I read the report online in The Guardian, which is the paper I read most days. When I took the whole sentence and put it into Google, however, in an attempt to discover more about the events, I discovered that the very same words were used on the websites of many other dailies. I guess the fact that journalists working online share copy in this age of click and paste shouldn’t really have been a surprise to me, but it was nevertheless.
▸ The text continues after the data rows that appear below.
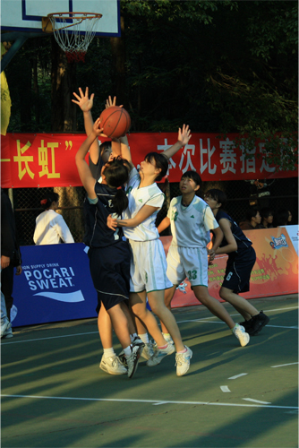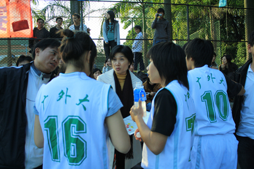 此时广外开始加强火力。第5分钟,6号许杰冰替下16号赖倩倩,她上场的意图不言而喻,当她频频跑到三分线外出手,并在离上半场比赛结束2分钟投进至关重要的三分球时,观众们一下子吼了出来,广外以14比13反超了一分。
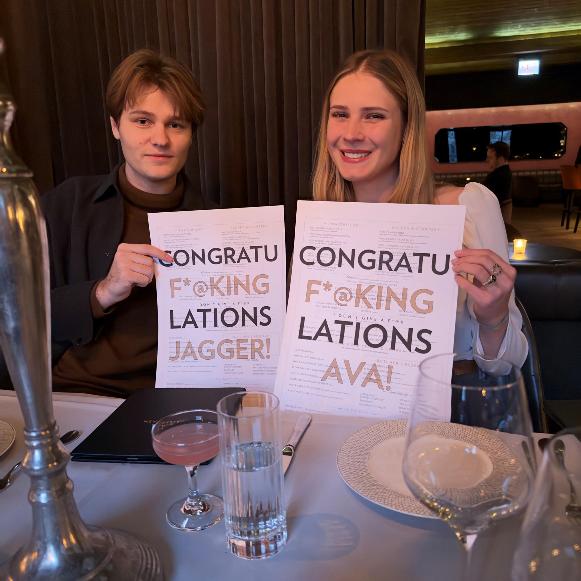 We then grabbed a light lunch at the hotel before taking an Uber over to their neighborhood. We walked around there for a couple hours and then headed back to get ready for dinner. The kids met us at 4:50 and I had the hotel driver take us to Maple and Ash, one of the top steakhouses in town. The place went all out for us as I set up a little celebration. Check out the picture below, they made these up for all four of us. The lighting was all candlelight, so the pic is not that great, but it was so much fun, and again the food was great. Jag really enjoyed it and said it was epic! Afterwards we walked back to the hotel, which was only a couple of blocks, but the wind coming off Lake Michigan, is really cold.
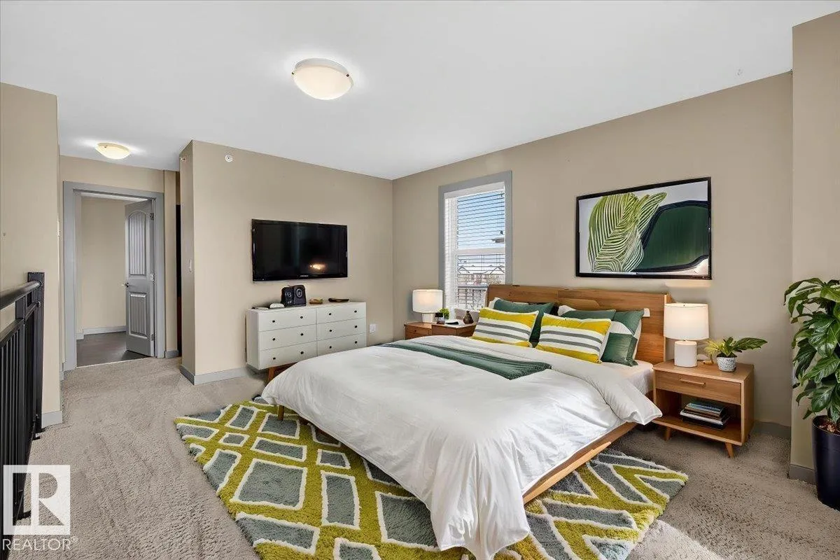 Stunning corner executive townhome with extensive upgrades and one of the largest floorplans in the complex. The bright, open main floor boasts oversized windows, custom stone feature walls, and sleek modern steel railings. Gourmet kitchen features stainless steel appliances, granite countertops, designer hood fan, and access to a spacious balcony. The second level offers two large bedrooms, a full 4-piece
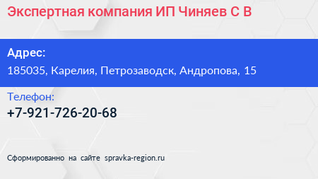 Экспертная компания, ИП Чиняев С.В. по адресу 185035, Карелия, Петрозаводск, Андропова, 15 в дальнейшем Организация, размещена в следующих категориях:
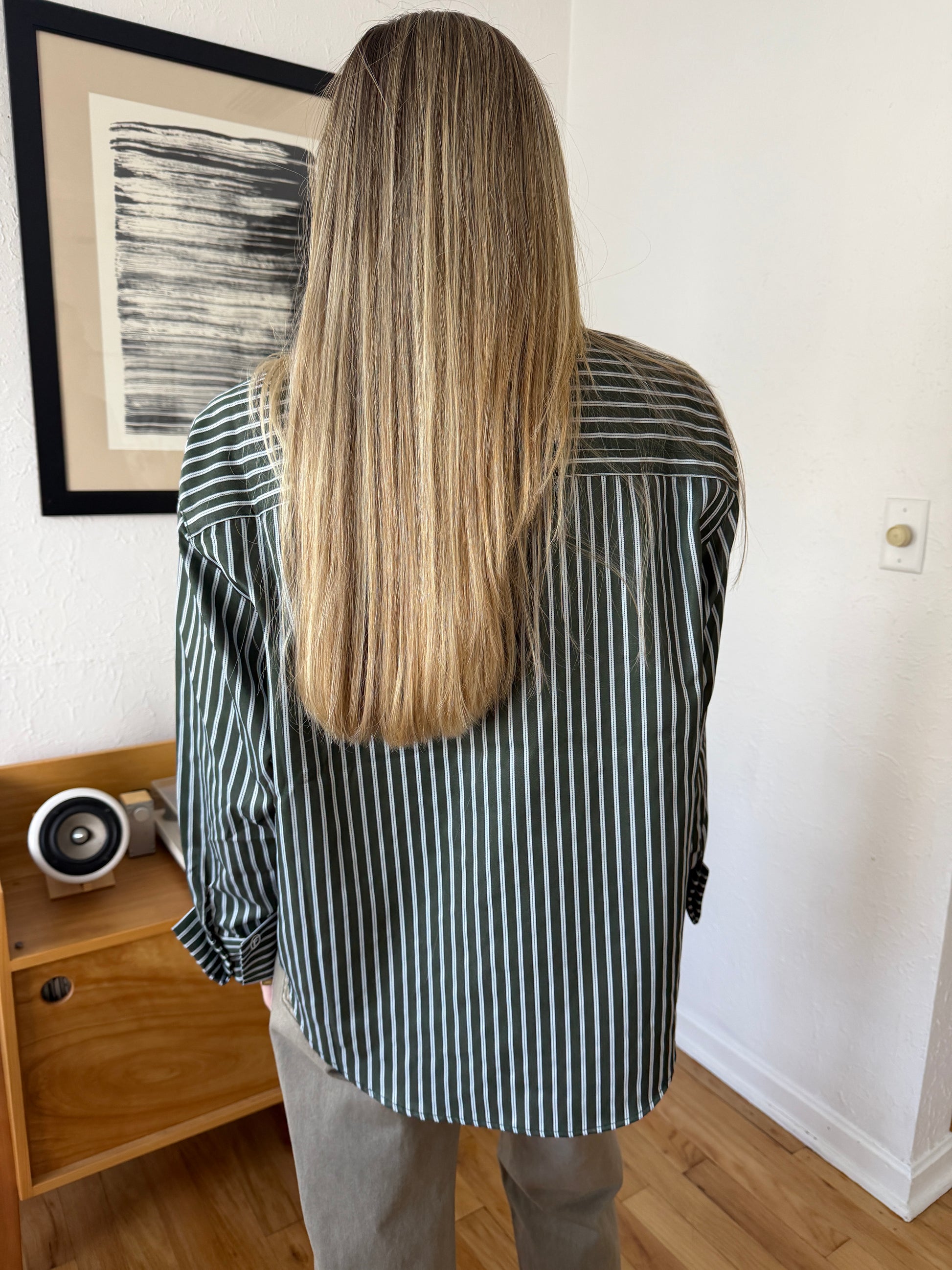 FRNCH Chester Green Striped Buttoned Collared Shirt
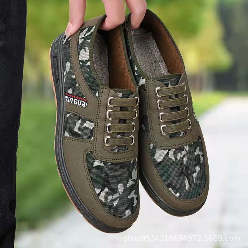 새로운 올드 베이징 천 신발 슬립온 남성 신발 4 개의 힘줄 플랫 바닥 중년 및 노인 아빠 신발 도매 주문 남성 슈퍼마켓

The John Lewis video, with “Please, Please, Please” beautifully sung by Slow Moving Millie (aka Amelia Warner), can be found easily on YouTube. This micro film is very effective because it turns the inherent egoism of the song’s lyric on its head, presenting us with an unexpected gesture of heart-warming and goose-bump-inducing altruism. One verse in the song goes, “Haven’t had a dream in a long time / See, the life I’ve had / Can make a good man bad”. The news that has come to me over the holiday season – mostly through the British and Italian online press – is that many men turned bad in the worst possible way this Christmas, performing the ultimate gesture of egoism: the taking of another’s life. Most, but not all, of those others have been women.
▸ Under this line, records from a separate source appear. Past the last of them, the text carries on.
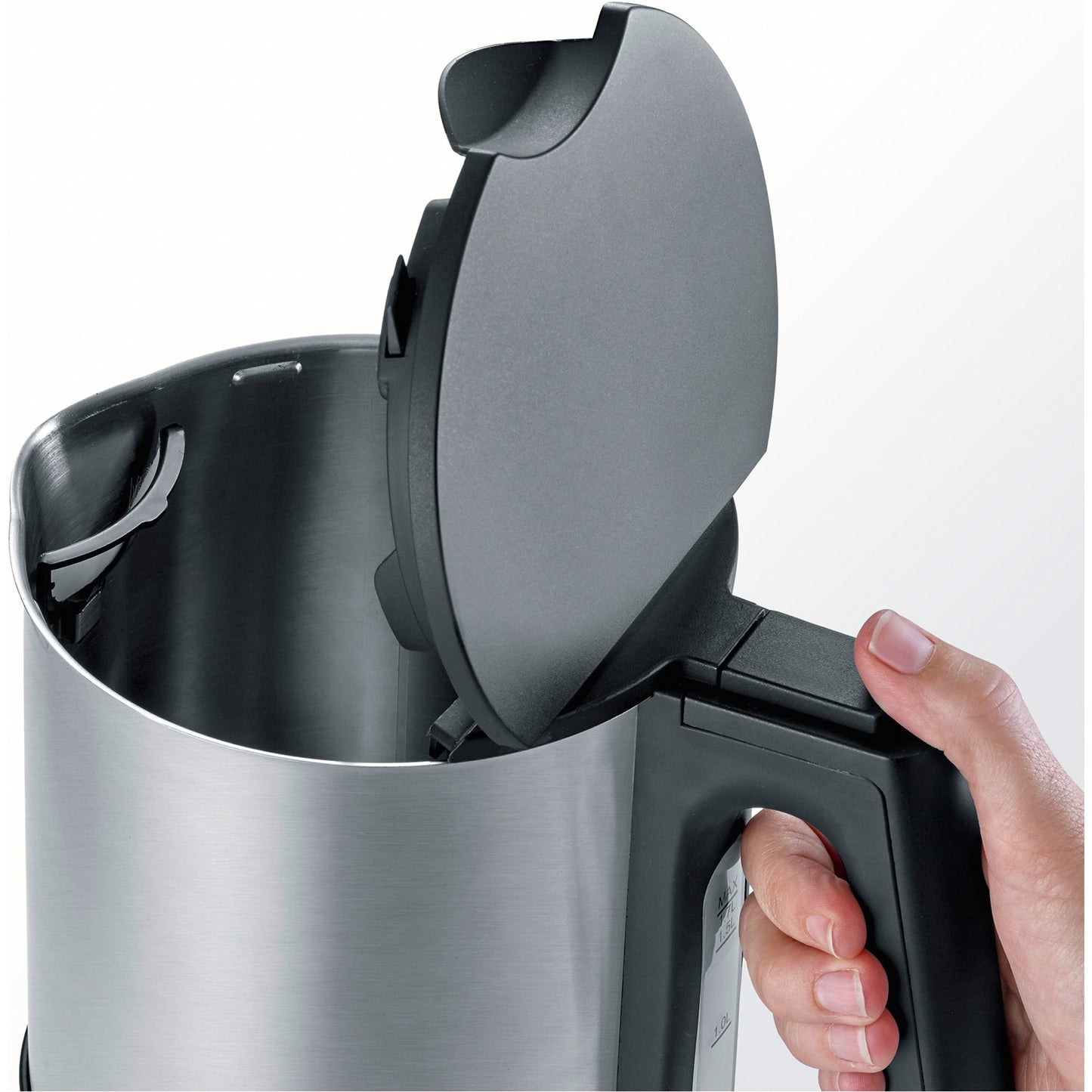 Bezeichnung: SEVERIN Wasserkocher WK 3409 1,7l Edelstahl gebürstet edelstahl/schwarz
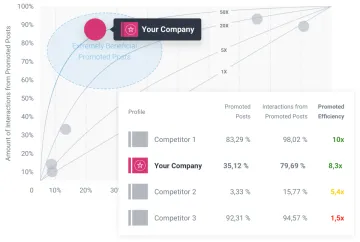 Con Socialbakers mida y compare el rendimiento de las redes sociales. Mida el desempeño de su negocio a través de los canales sociales. Obtenga más información de sus clientes, obtenga información valiosa sobre la industria y las actividades de la competencia. Use AI para optimizar su estrategia orgánica y de pago. Promocione solo su contenido de mejor rendimiento y publíquelo en el momento adecuado para obtener los mejores resultados de su gasto publicitario.
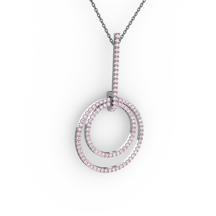 Pembe kuvars 14 ayar beyaz altın kolye (40 cm gümüş rolo zincir)

Too many men turned really bad, both in Sicily, where I live, and in the UK, where I come from. I seem to remember having read a headline referring to a Christmas family massacre somewhere in Texas. One wonders just how many such events have occurred worldwide. But of course it’s not a purely Yuletide phenomenon. It was reported that the 24-year-old Sicilian woman murdered by her ex-boyfriend of the same age was 2011′s 93rd Italian woman killed by a man she was (or had been) close to or had known.
Yesterday in court in Manchester a twenty-year-old accused of murder calmly gave his first name as “Psycho”. What does that mean? Can a self-styled madman really be mad? Can it really be the lives they’ve had that make them turn in this way? What do they dream of? Can things be going from bad to worse?
There’s so much in all of this to think about, so much more than any blog entry can ever deal with.